In the Sun-Sentinel article, Fort Lauderdale Police Chief Frank Adderley denied that the disturbance was a riot.
“If there were a riot on the beach, I think we would have had more people going to jail . . . We had the situation under control,” Adderly was quoted as saying.
During the commission conference meeting, Fred Carlson, a member of Fort Lauderdale‘s Central Beach Alliance Board, cautioned against making too much of what had happened.
“We’re risking overreacting on this issue … On the matter of police presence, they were there when I drove through [the beach] around 6 o’clock … I don’t think we should get all bent out of shape about [police] coverage because it was there,” Carlson said.
But the mayor and Trantalis appeared to disagree with Carlson.
MAYOR: ‘CAUGHT OFF GUARD’
“We seemed to be caught off guard,’’ Seiler said.
“I think we got caught with our pants down, and I truly believe we were not prepared,” Trantalis said.
When told that the police chief appeared to downplay the disturbance in the Sun-Sentinel article, Trantalis said in an interview: “Everybody wants to downplay it…We were caught by surprise. We haven’t seen things like this for decades.”
Although city commissioners normally are notified of all serious police events shortly after they occur, the police did not inform the elected officials about the beach disturbance. The commissioners learned about the unrest from outraged citizens the next day.
Seiler complained during the conference meeting that the commission should have been made aware of the unrest on Memorial Day.
“I’ve been inundated,’’ Trantalis told his fellow commissioners. “I’m sure all of you have been inundated with people who live and visit the area who feel extremely threatened.”
City Commissioner Romney Rogers said his secretary visited the beach at 2 p.m. on Memorial Day.
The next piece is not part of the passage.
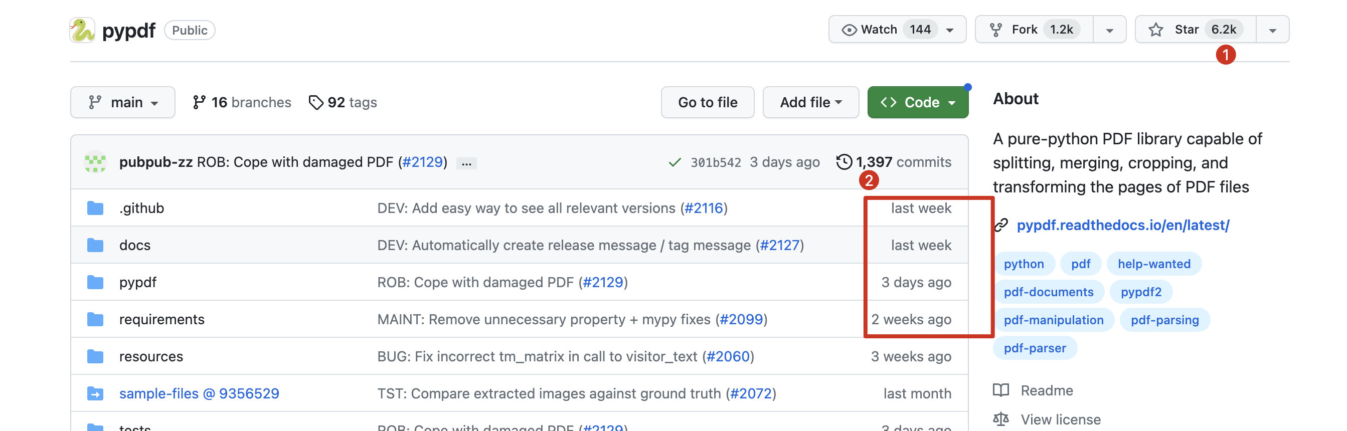 https://github.com/py-pdf/pypdf uses pytest for testing.

She found the crowd “the rowdiest she has ever seen.” Citizens complained to Rogers about the large number of glass containers littered on the beach after Memorial Day.
“We need to go back to enforcing the open container law,” Rogers told other commissioners. “There shouldn’t be glass out there.”
Spur of the moment advertising by Fort Lauderdale beachfront bars also drew people to the beach, the mayor said. The mayor and Rogers both said beach businesses have a responsibility to beef up private security when they attract large crowds of customers.
Rogers praised the police for quickly quelling the disturbance. “The marketing surprise was the bad part,” he said.
Seiler disagreed with several people who wrote him blaming the disturbance on blacks.
“This isn’t about race,” the mayor told the commission. “We have had a tremendous diversity on Fort Lauderdale beach…It was just a raucous party crowd that was attracted regardless of race and economic background.”